Есть одно произведение Микеланджело, к которому не подхо­дят все упомянутые определения, произведение, в котором не чув­ствуется ни дуализма противоположных направлений жизни, раз­решенного в художественном оформлении, ни более безнадежного дуализма между воззрительно законченным образом и исканием и стремлением к бесконечному. В Pieta Ронданини совсем исчезла на- сильственность противоположных движений - борьба; уже не оста­лось больше врага, от которого душа стремилась бы себя оградить. Плоть прекратила борьбу ценой уничтожения самой себя; образы стали как будто бестелесными. Тем самым Микеланджело отверг жизненный принцип своего искусства. Но если принцип этот привел его к той страшной неизбавленности, к тому напряжению между трансцендентной страстностью и ее телесной и по необходимости адекватной формой выражения, то здесь отрицание принципа Воз­рождения не сгладило этого противоборства. Избавление остается чисто отрицательным, завершенным в спокойствии Нирваны. Борь­ба прекращена, но без победы и без примиренности. Душа, освобож­денная от телесной тяжести, не устремилась в победном полете в трансцендентное, но осталась сокрушенной на пороге его. Это самое предательское и самое трагическое произведение Микеланджело; в нем запечатлена невозможность избавления путем художественно­го, т.е. центрированного на чувственном воззрении, творчества. Позднейшие стихотворения свидетельствуют о последнем роковом
потрясении его жизни: он вложил всю свою силу, весь долгий труд своего бытия в творчество, которое не заполнило и не могло запол­нить его последних запросов и глубочайших потребностей, ибо про­текало не в той плоскости, где пребывали образы его предельной то­ски.

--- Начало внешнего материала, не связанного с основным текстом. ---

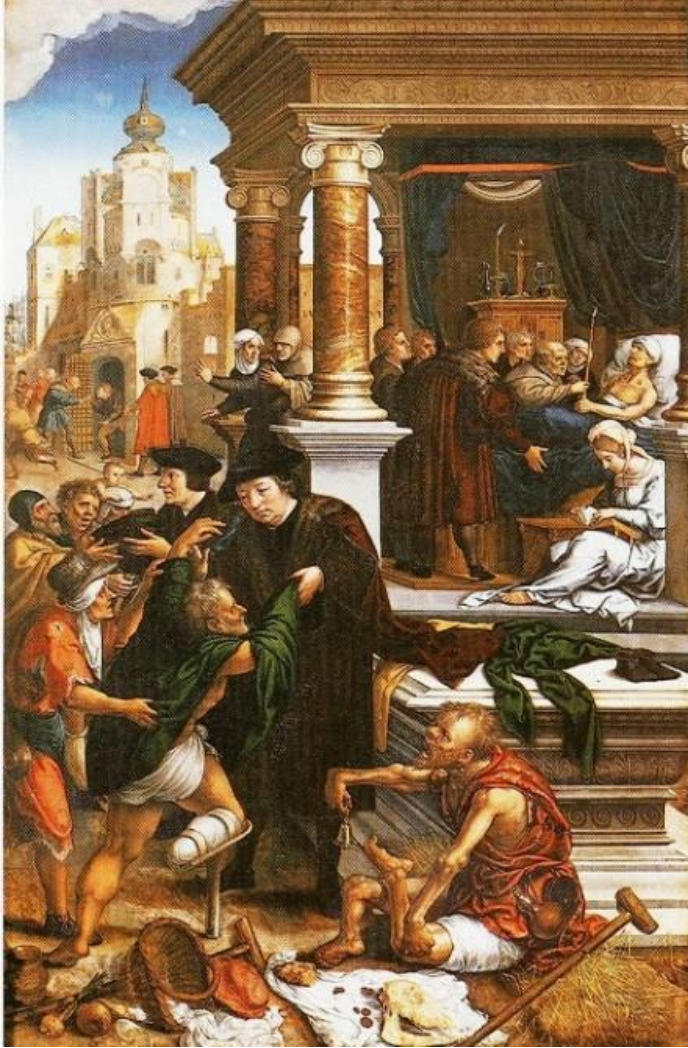
Görsel 3.1.2 Bernard Von Orley, Cüzzamlılar, 1530, tuval üzerine yağlı boya. Erişim: 23.01.2024

(Nıkıforuk, 1996, s. 57). Bu bağlamda Bernard Von Orley'e ait bir sonraki eserde çan takan cüzzamlı bir figür görülmektedir.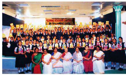
The prize winning students of Bishwa Sahitya Kendro's Book Reading Programme.

Ложь мира похищала у меня время, Данное созерцать Бога...

Не краски и не резец дают мир душе, Она ищет любви Божией, которая на кресте Простирает свои руки, чтобы обнять нас...

То, что предназначено смерти, Не может утолить тоски живущего.

Нет сомнения, что самым глубоким, самым потрясающим пере­живанием Микеланджело было то, что под конец своей жизни он перестал относиться к своим произведениям как к воплощениям вечных ценностей; он увидел, что путь его прошел в направлении, которое никогда не могло привести его к тому, что единственно нужно. Признания его стихотворений показывают с самого начала, что в искусстве, которое он творит, в красоте, которой он молится, для него скрыто то сверхчувственное, что дарует обоим и ценность, и смысл. Он говорит о блаженной красоте в искусстве явленного че­ловека; если же злость времени разрушит ее, то вновь восстанет

Вневременная первичная красота И возведет земное наслаждение К вершинам вечного царства.

И, очевидно, величайший кризис его жизни заключается в том, что он раньше думал найти в искусстве и красоте всецелое вопло­щение абсолютной ценности, идеи, лежащей выше всякого воззре­ния, к старости же понял, что все последнее лежит в царстве, к ко­торому искусство не властно вознести. Тут становится важным, что то явление, в котором абсолютное, совершенное и бесконечное рас­крывает себя, одновременно скрывает от нас это же абсолютное; так, обещая вести к нему, оно, в сущности, уводит от него. Знание это стало кризисом и самым потрясающим метафизическим страда­нием, так как сердце и художественно чувственная страстность не
могли ослабеть в своей привязанности к явлению и его привлекате­льности. Он говорит себе слова утешения, которым в глубине души сам не верит...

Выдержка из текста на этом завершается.